ACTIVITY: The records below must be output exactly, without pictures.
Segment Open
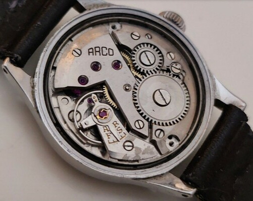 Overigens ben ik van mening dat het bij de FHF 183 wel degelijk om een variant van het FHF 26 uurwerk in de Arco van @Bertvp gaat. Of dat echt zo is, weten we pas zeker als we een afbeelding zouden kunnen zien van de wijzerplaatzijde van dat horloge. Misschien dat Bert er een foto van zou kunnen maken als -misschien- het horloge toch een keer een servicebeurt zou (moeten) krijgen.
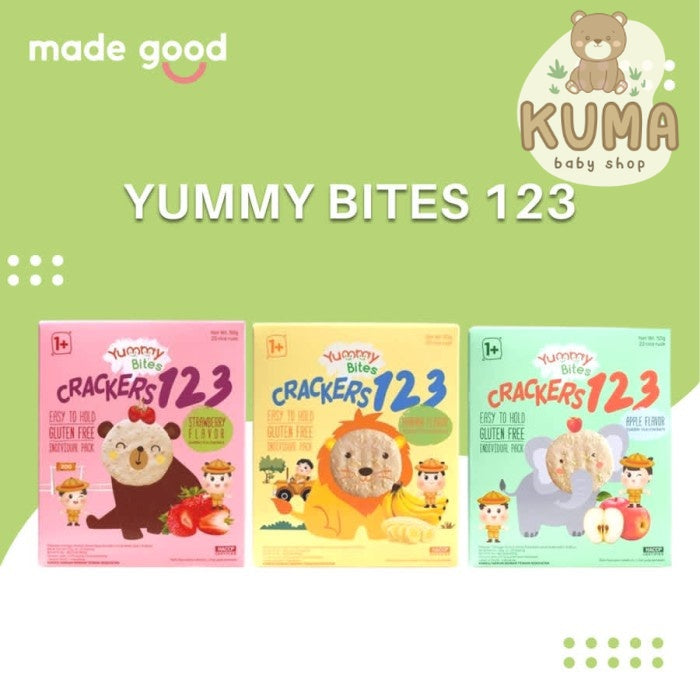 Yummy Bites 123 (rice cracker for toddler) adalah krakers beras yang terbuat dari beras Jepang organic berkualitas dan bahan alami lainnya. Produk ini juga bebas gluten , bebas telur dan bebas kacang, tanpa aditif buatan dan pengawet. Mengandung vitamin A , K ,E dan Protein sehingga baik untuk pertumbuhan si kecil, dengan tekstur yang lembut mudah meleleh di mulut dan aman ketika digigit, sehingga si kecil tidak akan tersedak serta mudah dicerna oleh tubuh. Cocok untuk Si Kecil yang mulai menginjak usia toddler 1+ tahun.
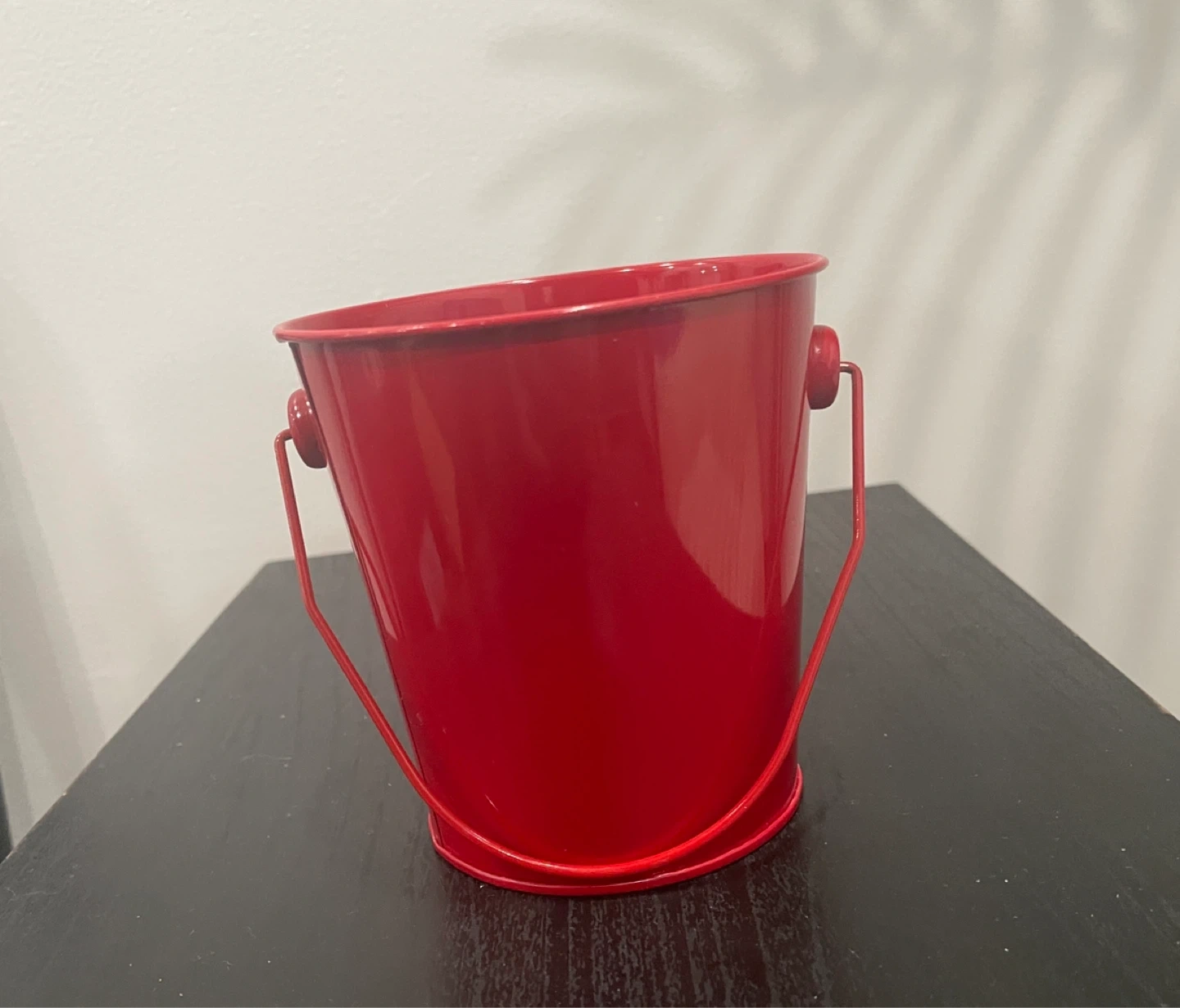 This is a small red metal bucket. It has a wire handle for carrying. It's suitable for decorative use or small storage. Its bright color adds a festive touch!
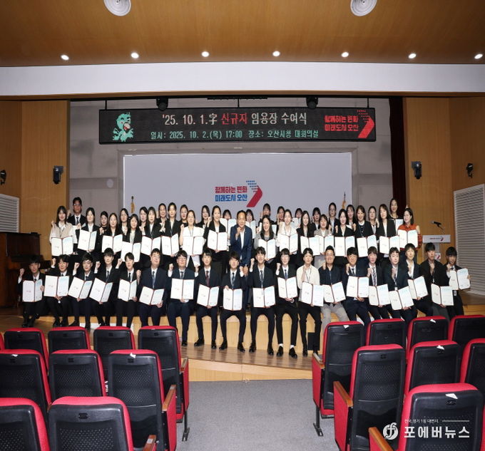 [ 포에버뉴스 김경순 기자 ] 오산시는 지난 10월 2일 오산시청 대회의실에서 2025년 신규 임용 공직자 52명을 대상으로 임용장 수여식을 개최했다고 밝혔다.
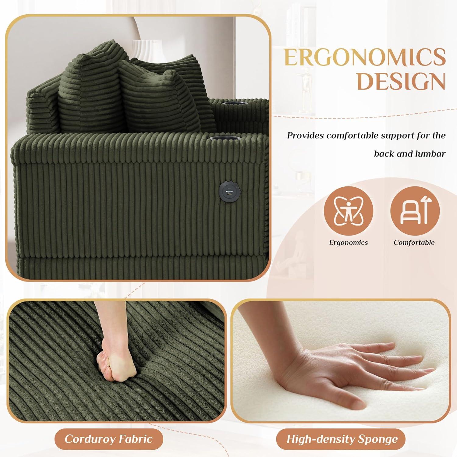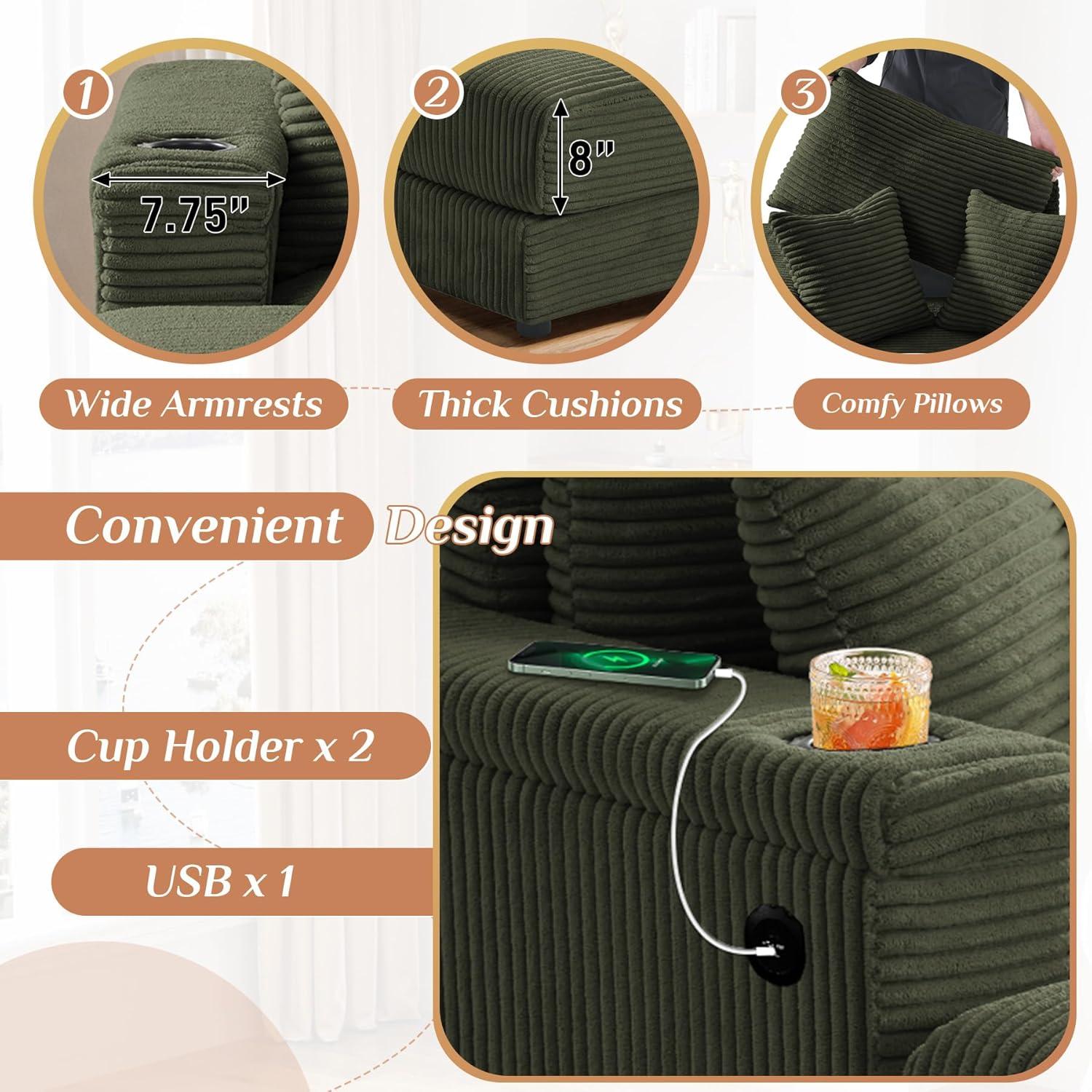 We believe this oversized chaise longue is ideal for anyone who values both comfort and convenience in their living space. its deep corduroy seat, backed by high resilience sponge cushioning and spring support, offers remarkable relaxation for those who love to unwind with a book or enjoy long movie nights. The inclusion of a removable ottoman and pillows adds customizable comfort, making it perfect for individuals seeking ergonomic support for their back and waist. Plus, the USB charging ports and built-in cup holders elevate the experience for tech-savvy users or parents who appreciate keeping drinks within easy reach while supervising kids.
Segment Closed
SOLVED EXERCISE:
 Overigens ben ik van mening dat het bij de FHF 183 wel degelijk om een variant van het FHF 26 uurwerk in de Arco van @Bertvp gaat. Of dat echt zo is, weten we pas zeker als we een afbeelding zouden kunnen zien van de wijzerplaatzijde van dat horloge. Misschien dat Bert er een foto van zou kunnen maken als -misschien- het horloge toch een keer een servicebeurt zou (moeten) krijgen.
 Yummy Bites 123 (rice cracker for toddler) adalah krakers beras yang terbuat dari beras Jepang organic berkualitas dan bahan alami lainnya. Produk ini juga bebas gluten , bebas telur dan bebas kacang, tanpa aditif buatan dan pengawet. Mengandung vitamin A , K ,E dan Protein sehingga baik untuk pertumbuhan si kecil, dengan tekstur yang lembut mudah meleleh di mulut dan aman ketika digigit, sehingga si kecil tidak akan tersedak serta mudah dicerna oleh tubuh. Cocok untuk Si Kecil yang mulai menginjak usia toddler 1+ tahun.
 This is a small red metal bucket. It has a wire handle for carrying. It's suitable for decorative use or small storage. Its bright color adds a festive touch!
 [ 포에버뉴스 김경순 기자 ] 오산시는 지난 10월 2일 오산시청 대회의실에서 2025년 신규 임용 공직자 52명을 대상으로 임용장 수여식을 개최했다고 밝혔다.
 We believe this oversized chaise longue is ideal for anyone who values both comfort and convenience in their living space. its deep corduroy seat, backed by high resilience sponge cushioning and spring support, offers remarkable relaxation for those who love to unwind with a book or enjoy long movie nights. The inclusion of a removable ottoman and pillows adds customizable comfort, making it perfect for individuals seeking ergonomic support for their back and waist. Plus, the USB charging ports and built-in cup holders elevate the experience for tech-savvy users or parents who appreciate keeping drinks within easy reach while supervising kids.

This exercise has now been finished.